■ **Exercise directions**
Find the line with "ISLAMABAD: An army" and the line with "restoration of Shahu" in the entries below; output exactly those two lines, every line between them, and no others.

■ **Data for processing**
--- START ---
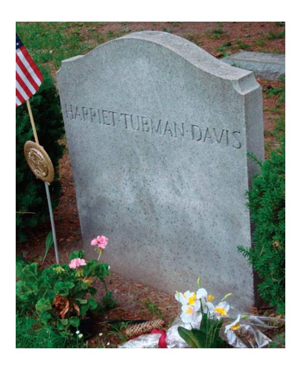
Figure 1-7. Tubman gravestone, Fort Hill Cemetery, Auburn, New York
--- END ---
--- START ---
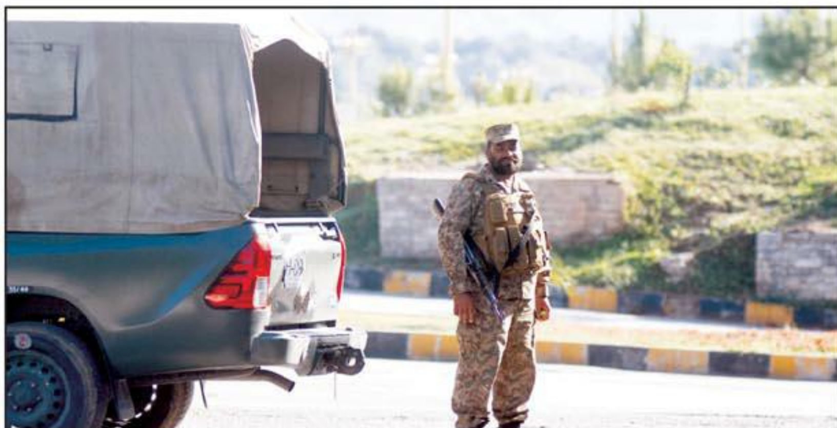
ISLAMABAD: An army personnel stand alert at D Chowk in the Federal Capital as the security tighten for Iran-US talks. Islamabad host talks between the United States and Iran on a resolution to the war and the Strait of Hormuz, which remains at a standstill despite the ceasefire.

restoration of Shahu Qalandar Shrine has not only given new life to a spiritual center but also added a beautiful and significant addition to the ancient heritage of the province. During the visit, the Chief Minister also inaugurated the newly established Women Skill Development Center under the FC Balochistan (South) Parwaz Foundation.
--- END ---
--- START ---
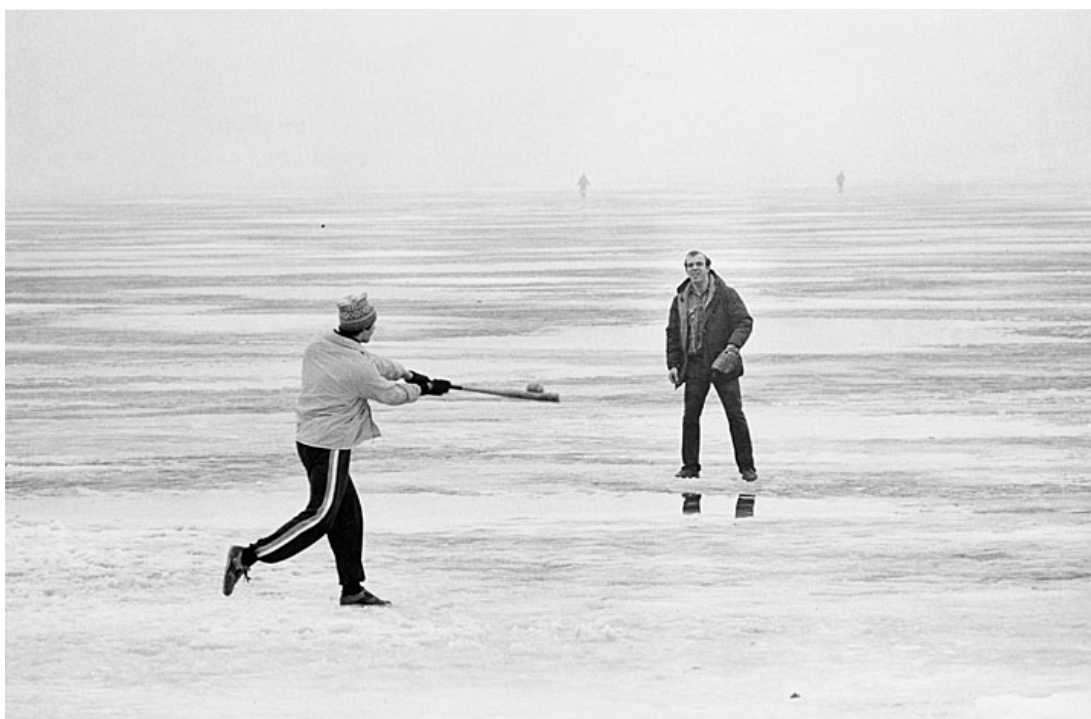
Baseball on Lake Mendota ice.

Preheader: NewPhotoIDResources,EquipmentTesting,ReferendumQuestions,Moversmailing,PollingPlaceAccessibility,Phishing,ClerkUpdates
--- END ---
■ **Response below**
ISLAMABAD: An army personnel stand alert at D Chowk in the Federal Capital as the security tighten for Iran-US talks. Islamabad host talks between the United States and Iran on a resolution to the war and the Strait of Hormuz, which remains at a standstill despite the ceasefire.

restoration of Shahu Qalandar Shrine has not only given new life to a spiritual center but also added a beautiful and significant addition to the ancient heritage of the province. During the visit, the Chief Minister also inaugurated the newly established Women Skill Development Center under the FC Balochistan (South) Parwaz Foundation.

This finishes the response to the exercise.